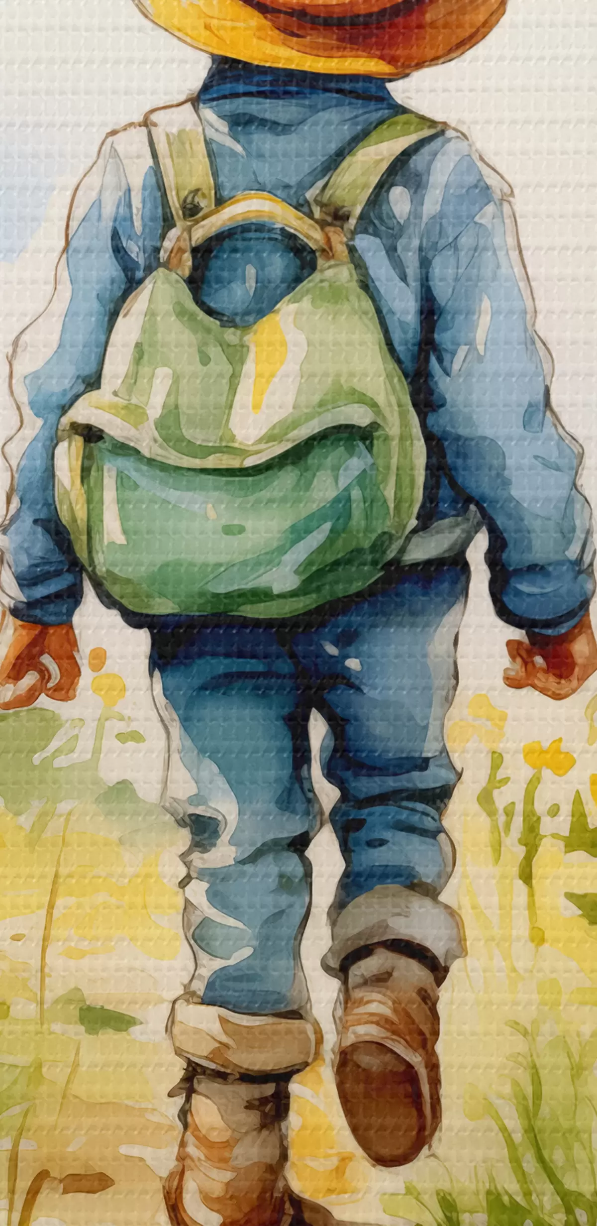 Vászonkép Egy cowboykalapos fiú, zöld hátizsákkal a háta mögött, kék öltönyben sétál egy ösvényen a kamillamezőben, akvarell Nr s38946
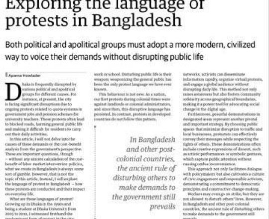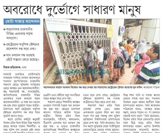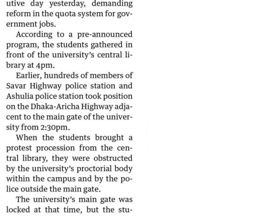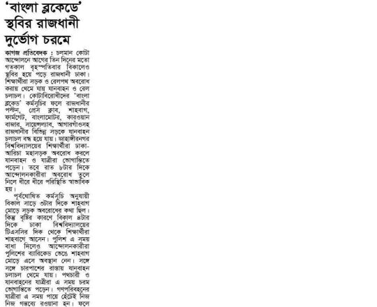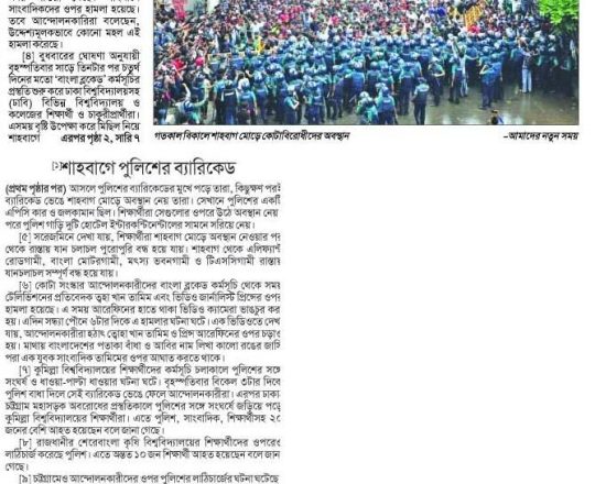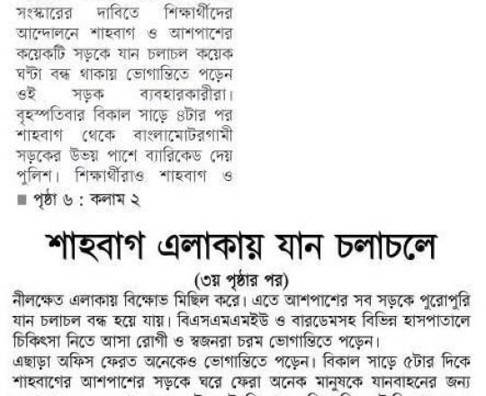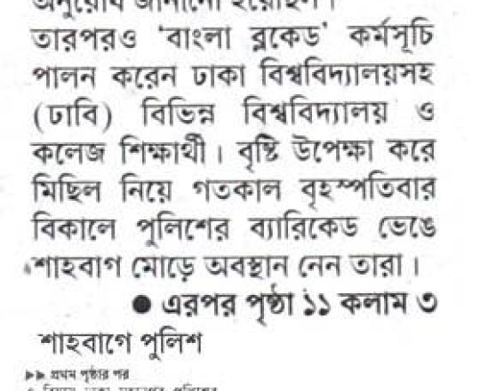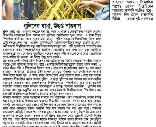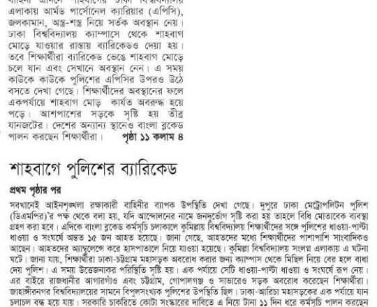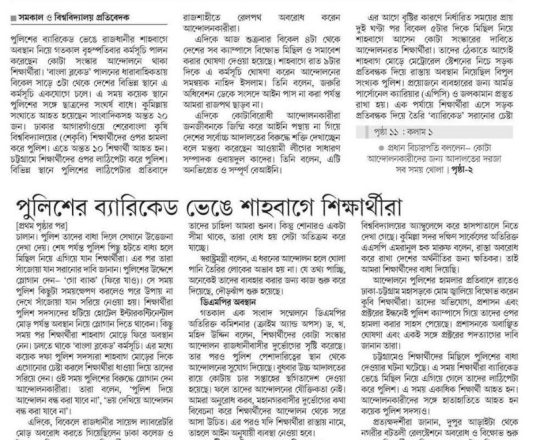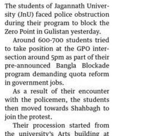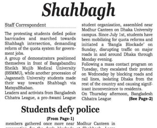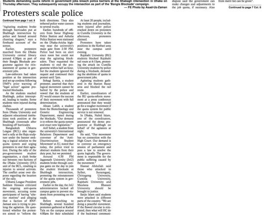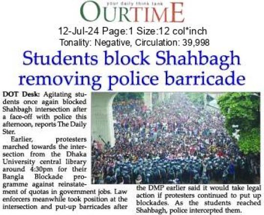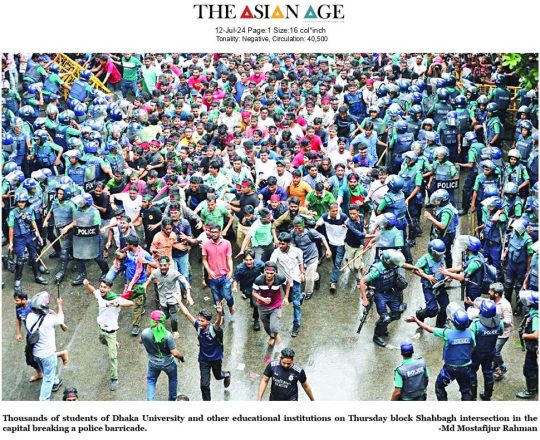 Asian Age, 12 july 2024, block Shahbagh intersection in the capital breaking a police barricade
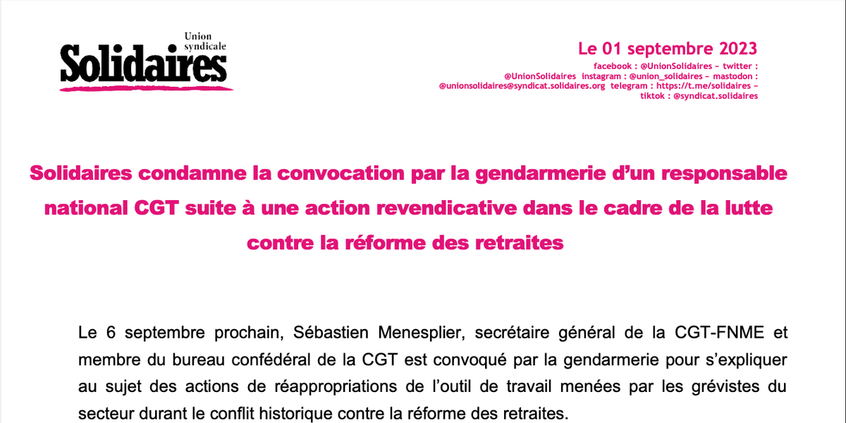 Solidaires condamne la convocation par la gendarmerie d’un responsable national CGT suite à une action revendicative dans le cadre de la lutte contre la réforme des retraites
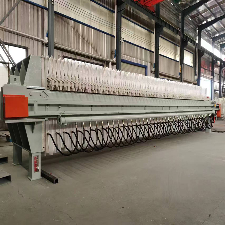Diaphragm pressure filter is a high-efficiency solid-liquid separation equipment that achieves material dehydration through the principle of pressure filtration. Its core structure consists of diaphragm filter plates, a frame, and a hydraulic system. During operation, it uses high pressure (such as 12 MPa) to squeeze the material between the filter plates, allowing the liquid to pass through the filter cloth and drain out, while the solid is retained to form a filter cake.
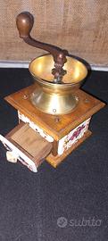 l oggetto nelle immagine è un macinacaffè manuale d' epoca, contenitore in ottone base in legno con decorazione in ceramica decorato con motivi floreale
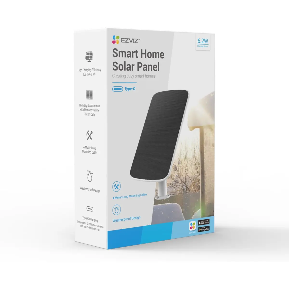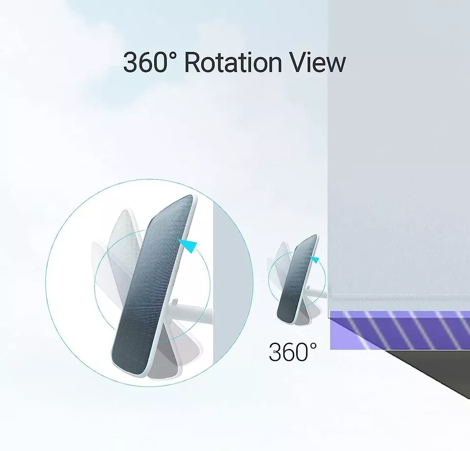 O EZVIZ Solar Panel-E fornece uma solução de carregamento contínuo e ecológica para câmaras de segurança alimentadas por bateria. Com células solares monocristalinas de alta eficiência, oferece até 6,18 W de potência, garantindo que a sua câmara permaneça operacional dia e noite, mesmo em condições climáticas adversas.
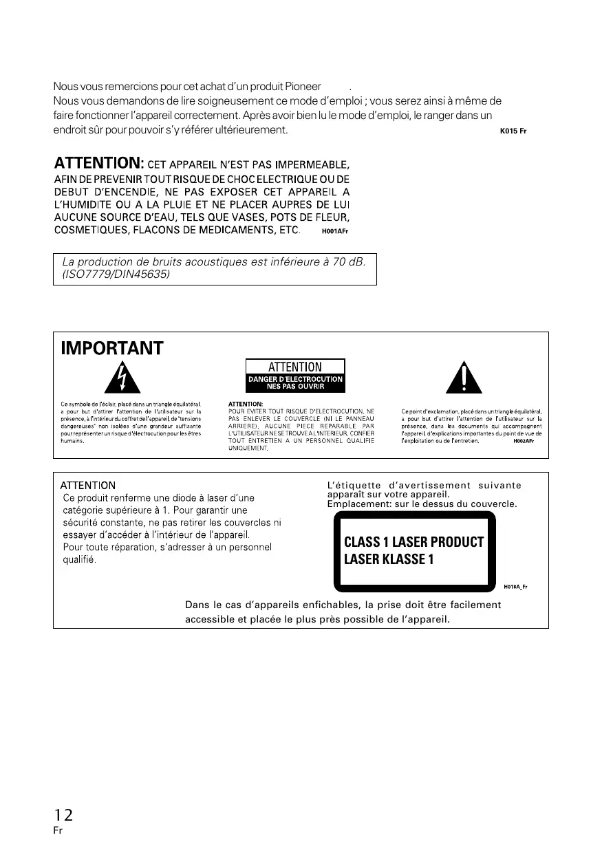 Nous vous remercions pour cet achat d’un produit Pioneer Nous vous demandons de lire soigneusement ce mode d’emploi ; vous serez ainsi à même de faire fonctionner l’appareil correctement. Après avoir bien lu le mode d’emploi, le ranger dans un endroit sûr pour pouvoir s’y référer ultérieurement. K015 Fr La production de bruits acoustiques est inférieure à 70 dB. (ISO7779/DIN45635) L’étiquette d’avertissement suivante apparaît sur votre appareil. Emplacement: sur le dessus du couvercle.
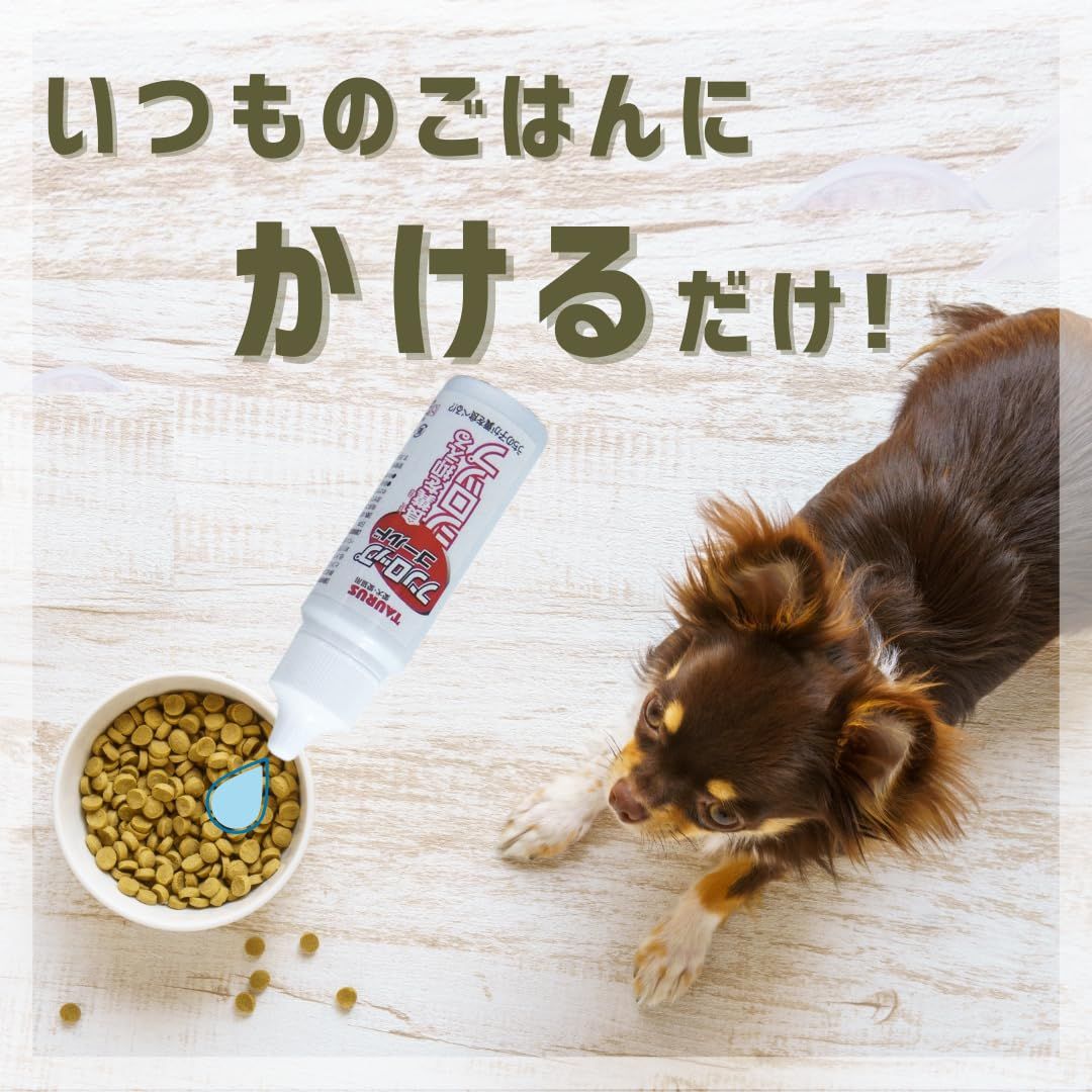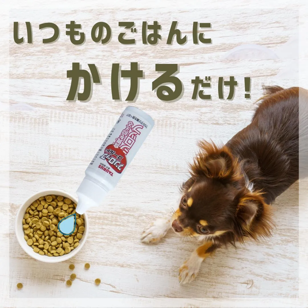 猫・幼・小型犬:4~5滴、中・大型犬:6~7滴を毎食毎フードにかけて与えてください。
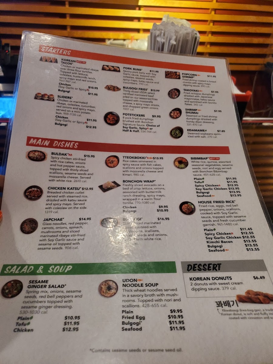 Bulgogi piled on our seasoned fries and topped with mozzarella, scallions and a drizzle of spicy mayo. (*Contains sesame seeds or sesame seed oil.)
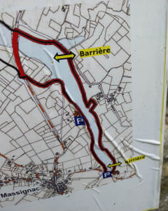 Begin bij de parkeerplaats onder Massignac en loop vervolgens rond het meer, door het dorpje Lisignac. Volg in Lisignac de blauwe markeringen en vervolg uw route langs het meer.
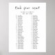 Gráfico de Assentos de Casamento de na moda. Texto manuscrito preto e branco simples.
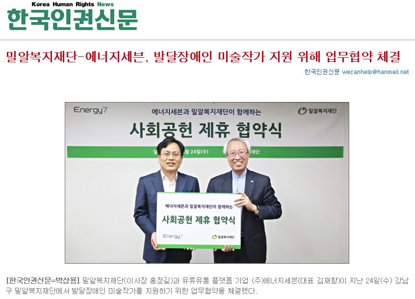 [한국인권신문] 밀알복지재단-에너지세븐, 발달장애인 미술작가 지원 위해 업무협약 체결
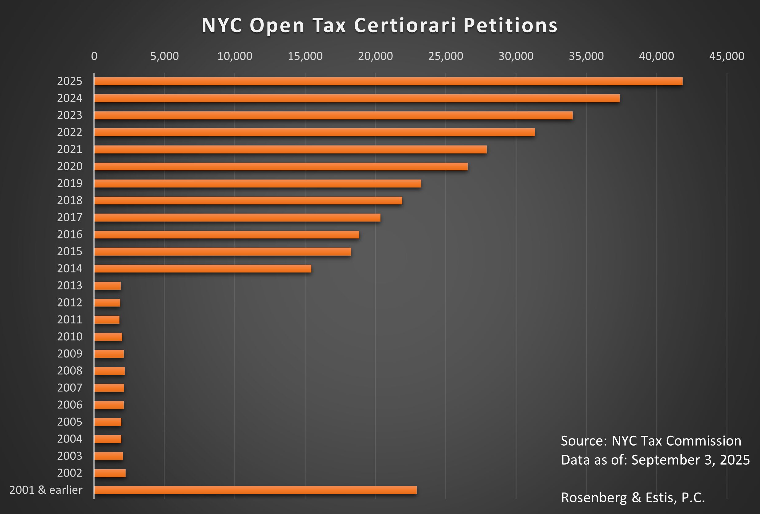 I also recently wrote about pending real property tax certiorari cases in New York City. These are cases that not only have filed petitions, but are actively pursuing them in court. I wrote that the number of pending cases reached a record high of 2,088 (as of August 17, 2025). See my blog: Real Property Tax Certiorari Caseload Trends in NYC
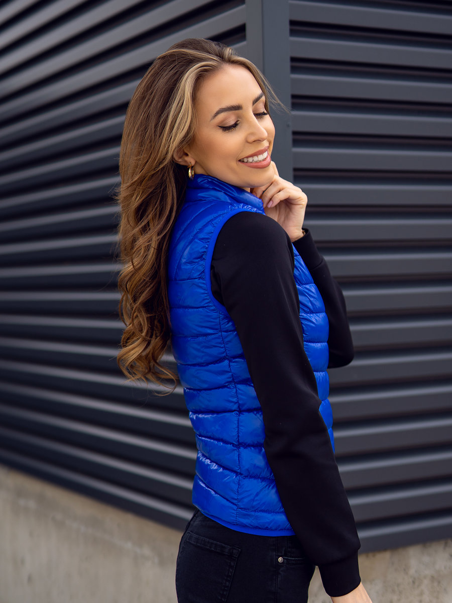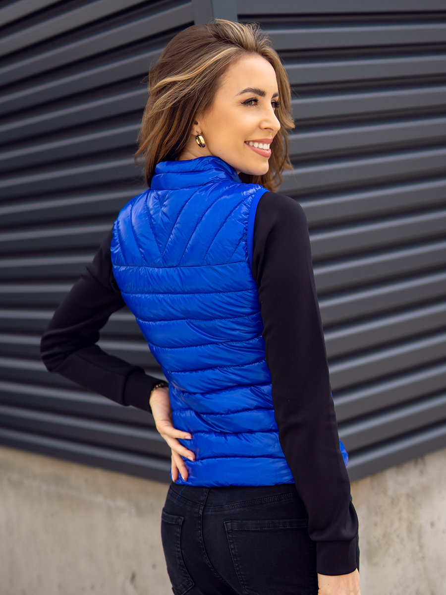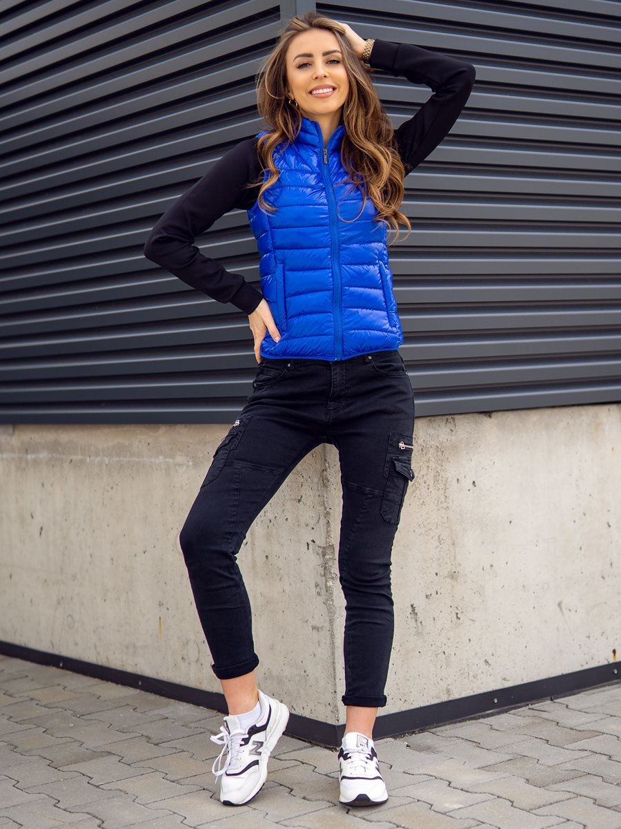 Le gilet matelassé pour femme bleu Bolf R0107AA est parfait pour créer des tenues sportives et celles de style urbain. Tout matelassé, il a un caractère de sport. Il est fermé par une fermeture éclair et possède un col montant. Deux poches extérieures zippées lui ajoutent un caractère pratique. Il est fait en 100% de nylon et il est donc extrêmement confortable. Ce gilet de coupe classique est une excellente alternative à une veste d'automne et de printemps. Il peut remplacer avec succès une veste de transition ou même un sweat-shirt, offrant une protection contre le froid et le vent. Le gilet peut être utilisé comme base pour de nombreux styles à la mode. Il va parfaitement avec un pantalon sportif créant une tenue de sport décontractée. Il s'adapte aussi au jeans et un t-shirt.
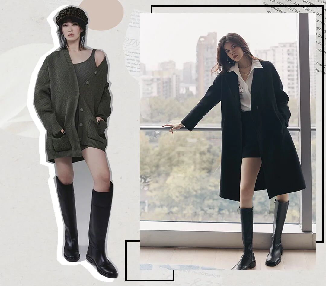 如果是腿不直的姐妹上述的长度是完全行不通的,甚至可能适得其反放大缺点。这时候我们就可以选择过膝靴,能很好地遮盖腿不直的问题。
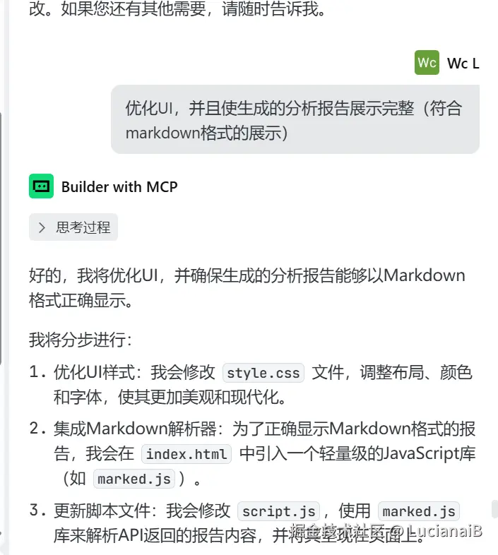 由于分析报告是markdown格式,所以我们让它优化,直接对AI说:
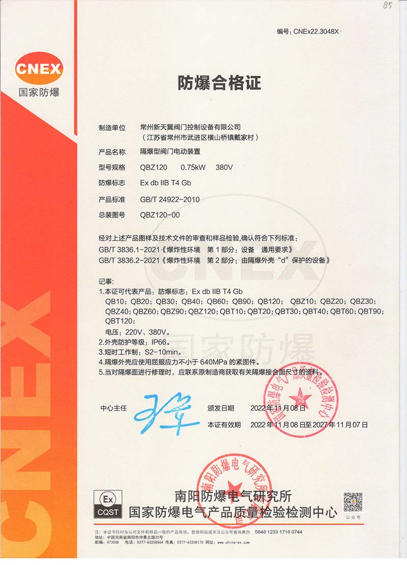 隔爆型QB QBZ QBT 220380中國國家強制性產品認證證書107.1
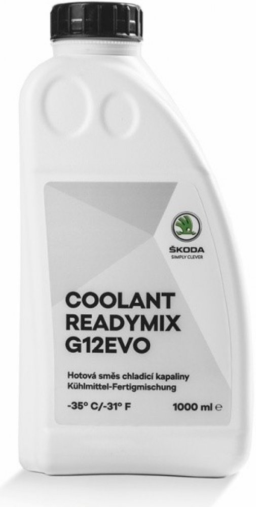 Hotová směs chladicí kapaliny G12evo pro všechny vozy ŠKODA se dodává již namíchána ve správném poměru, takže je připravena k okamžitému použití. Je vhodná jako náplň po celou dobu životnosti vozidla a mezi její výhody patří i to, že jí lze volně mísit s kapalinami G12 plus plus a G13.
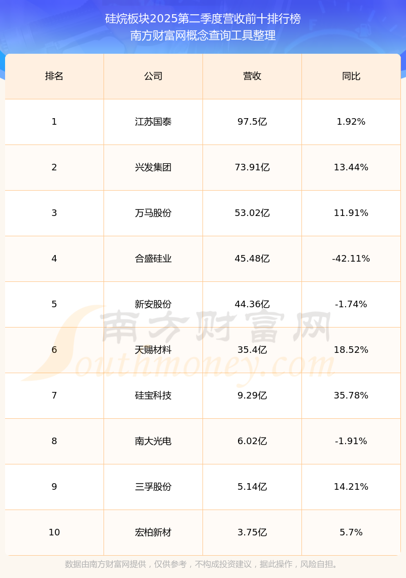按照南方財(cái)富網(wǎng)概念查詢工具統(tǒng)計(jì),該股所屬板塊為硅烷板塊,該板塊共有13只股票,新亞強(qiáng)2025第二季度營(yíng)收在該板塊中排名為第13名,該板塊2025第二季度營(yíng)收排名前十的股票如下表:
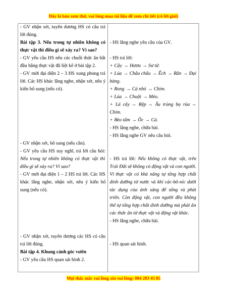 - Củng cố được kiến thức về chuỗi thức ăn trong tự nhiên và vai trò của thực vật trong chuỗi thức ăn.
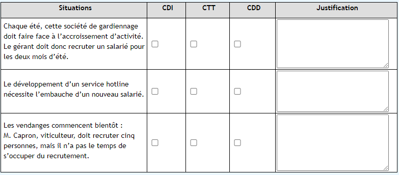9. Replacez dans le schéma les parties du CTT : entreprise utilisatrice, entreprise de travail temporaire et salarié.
+ + + + +
### Task:
After locating the line that holds "- Củng cố được", output exactly the lines from it through the last line of the material above, inclusive, without pictures.

### Problem solution:
 - Củng cố được kiến thức về chuỗi thức ăn trong tự nhiên và vai trò của thực vật trong chuỗi thức ăn.
9. Replacez dans le schéma les parties du CTT : entreprise utilisatrice, entreprise de travail temporaire et salarié.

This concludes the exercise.